When hunting just after the rut, focus on food sources at dawn and dusk similar to the pre-rut. The best tip for hunters during this time, which can overlap with shotgun season, is to walk and get deer up and moving from bedding areas. Some of the most successful hunters work together in small groups. The human activity gets deer up and moving when they may otherwise have stayed bedded until after shooting hours. You may also try setting up in the woods near a good food source and hoping for movement near dawn or dusk. For a better chance of finding deer moving during shooting hours, you may venture further into the woods to be closer to bedding areas.

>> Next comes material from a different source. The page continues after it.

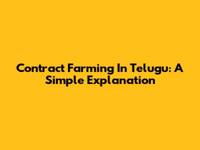Contract Farming In Telugu: A Simple Explanation

Where to hunt during the rut
The best places to harvest deer of either sex during the rut are pinch-points and funnels. Imagine two big beaver ponds with a small strip of land in between them with forested land on either side. Deer cover a lot of ground during the rut, so finding these small pinch points that will funnel deer into a small area as they cross from one woodlot to another can be rewarding. You can search for funnels and pinch points using satellite imagery on Google Earth, Google Maps, or MassWildlife Lands Viewer. Since deer are active throughout the day during the rut, you can hunt at a funnel or pinch-point all day long. Don’t be surprised to witness deer moving through these areas at high noon.
The blue dots on this Google Earth image shows funnels where deer are likely to travel often.
Using calls and scents during the rut
Deer calls can be effective if used at the right times. Deer calls can be made with grunt tubes or can calls.
- Grunt tubes come in many shapes and sizes and are often adjustable so a hunter can imitate both doe and buck vocalizations. Grunt tubes can be used to call “blindly” (when no deer is in sight but may be nearby) in hopes that a deer will come to investigate. Try two short grunts each lasting one second and only one second apart. Then follow a few seconds later with a slightly longer grunt that gets louder at the end of the call. (mmeeeehhhh… mmeeeehhhh…mmeeeeeeeeHHHHHHHH)
Grunt tubes are most effective when a deer is visible but not within shooting range. Deer are curious and are looking for mates during the rut. One soft grunt can get a deer’s attention and another soft grunt will allow the animal to pinpoint the location of the sound. With luck, this method can call a deer off their route and into range.
- Can calls are designed to imitate a doe in heat and can be highly effective for calling in a rutting buck. Can calls are all the same but larger cans produce louder calls than smaller calls. Large (loud) calls can be used when no deer is in sight, smaller (softer) calls are more effective when a buck is within sight but out of range.
Note about calls: Deer can pinpoint the location of a call and often respond by coming directly toward you on high alert. This reaction can make an ethical broadside shot more difficult. It can also make it extremely difficult draw your bow without being seen. Rattling antlers, grunting, and other deer calls can also attract other hunters. Be sure to identify your target.
Deer scents can be useful when hunting the rut but they can also backfire.
During the rut, hunters often use a “doe in heat” scent. A buck’s drive to breed can lead them to make poor decisions and come running to investigate the scent of a possible mate. The use of scents may also hinder deer from coming into your range. The new scent of an unrecognized deer can cause other does in the area to steer clear of your area. Alarmed deer can also leave a scent that can alert other animals in the area of potential danger that can linger for hours.
Note: Due to the risk of introducing Chronic Wasting Disease to Massachusetts, MassWildlife recommends using only synthetic deer urine.